McConnell and electronic-cigarette firms’ bill to raise legal age to buy tobacco and e-cigarettes to 21 awaits president’s signature

By Melissa Patrick
Kentucky Health News

Legislation to raise the nationwide legal age to buy tobacco produces, including electronic cigarettes, from 18 to 21 passed Congress as part of the year-end spending bill and went to President Donald Trump for his expected signature. It passed the House Dec. 17 and the Senate Dec. 19.

“I’m proud the Senate approved legislation today including our Tobacco-Free Youth Act to help address this urgent crisis and keep these dangerous products away from our children,” Senate Majority Leader Mitch McConnell, who engineered the move, said in a news release.

U.S. Sen. Tim Kaine, a Democrat from Virginia, who co-sponsored the measure, called its passage an “enormous victory for the health of our young people” and said in addition to reducing youth tobacco use, it would save 223,000 lives.

“This is one of many steps we should take to tackle the youth e-cigarette epidemic that touches every corner of our nation,” Kaine said in a news release.

More than 6 million U.S. middle and high school students are current users of tobacco products, and 5.3 million of them, or 85 percent, are using e-cigarettes, according to the latest annual National Youth Tobacco Survey.

The latest data for e-cigarette use by Kentucky teens, from 2018, shows e-cig use had nearly doubled since 2016, with more than one in four high-school seniors and one out of seven eighth-graders reporting they used the devices, the Kentucky Incentives for Prevention study found.

“The dangers of nicotine on young people’s development—especially on their brains and lungs—can inflict life-long damage. Raising the minimum tobacco purchase age to 21 will help keep these harmful products away from our kids, and I can’t thank Senator McConnell enough for his vision and leadership for our children’s future,” state Rep. Kim Moser, R-Taylor Mill, chair of the state House Health and Welfare Committee, said in McConnell’s release.

In a separate release issued earlier this week,  Ben Chandler, president and CEO of the Foundation for a Healthy Kentucky, praised McConnell’s work. He added that the state legislature, which convenes Jan. 7, will need to change state law to comply with the federal statute. Sen. Ralph Alvarado, R-Winchester, has prefiled a bill to raise Kentucky’s legal age to 21 from 18.

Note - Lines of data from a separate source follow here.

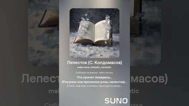 Мелодия романтики. Текст - С. Колдомасов Аудио и визуал - Suno AI Стихи: Сергей Колдомасов - "Лепесток" (2020/08/01) (на сайте стихи.ру). Никакой вульгарщины или пропаганды, все совпадения чисто совпадения!
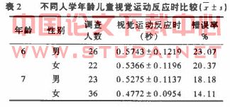 2.2不同人学年龄儿童视觉运动反应时比较(见表2):6岁组男女儿童视觉运动反应时均较7岁组男女儿童略延长,错误率亦较7岁组男女儿童高,但两组儿童无显著性差异.未发现学习疲劳对6岁和7岁儿童条件反射的影响。这可能与他们神经活动以兴奋过程占优势有关。
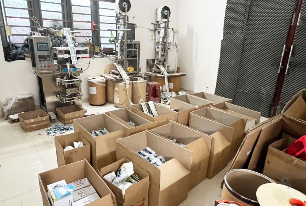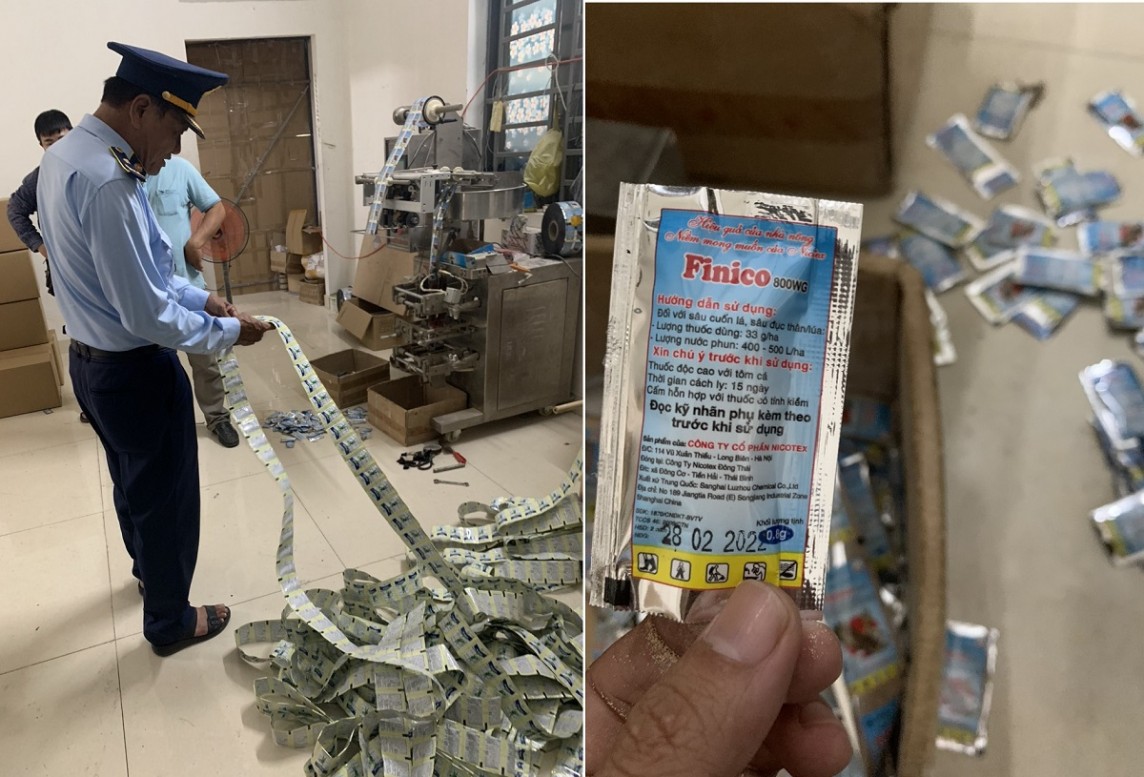 Nhận thấy vụ việc có dấu hiệu của hành vi sản xuất thuốc bảo vệ thực vật giả, lực lượng chức năng tiến hành lập biên bản vụ việc, tạm giữ các tang vật, phương tiện bao gồm: 90.150 gói và 4,5 kg sản phẩm thuốc trừ sâu các loại; 496,5 kg bao bì các loại; 371,9 kg nguyên liệu dạng bột và 200 lít nguyên liệu dạng lỏng dùng sản xuất, 7 máy cơ khí đóng gói sản phẩm.

“This bill is a critical step toward reversing the skyrocketing rates of youth vaping nationwide and in Kentucky,” Chandler said. “We encourage the Kentucky legislature to demonstrate similar leadership in passing Sen. Alvarado’s Tobacco 21 bill quickly this coming year.”

similar bill was introduced in the last legislative session, but tobacco-friendly senators blocked it.

Terry Brooks, executive director of Kentucky Youth Advocates, also praised the legislation.

“Kentucky Youth Advocates thanks Leader McConnell for leading the way in Congress on this critical issue to help keep Kentucky kids—and kids across the nation—healthier and prevent life-long addiction to nicotine,” Brooks said in a statement.

Already, 19 states have raised the tobacco age to 21, along with Washington, DC and over 530 localities, although the strength of their laws vary substantially, according to the Campaign for Tobacco-free Kids. E-cigarette companies see the law as a way to limit other forms of regulation aimed at limiting smoking and e-cig use by teenagers.

In the latest Kentucky Health Issues Poll, six in 10 Kentuckians said they would support increasing the minimum age to purchase tobacco products to 21, with majorities in each political party.

In addition to Alvarado’s bill, Kentucky lawmakers have pre-filed several other bills to thwart the surge in teen use of e-cigs, including one to ban the sale of flavored e-cigs; one to impose registration and licensing requirements to sell them; and one to tax them at the same rate as traditional cigarettes.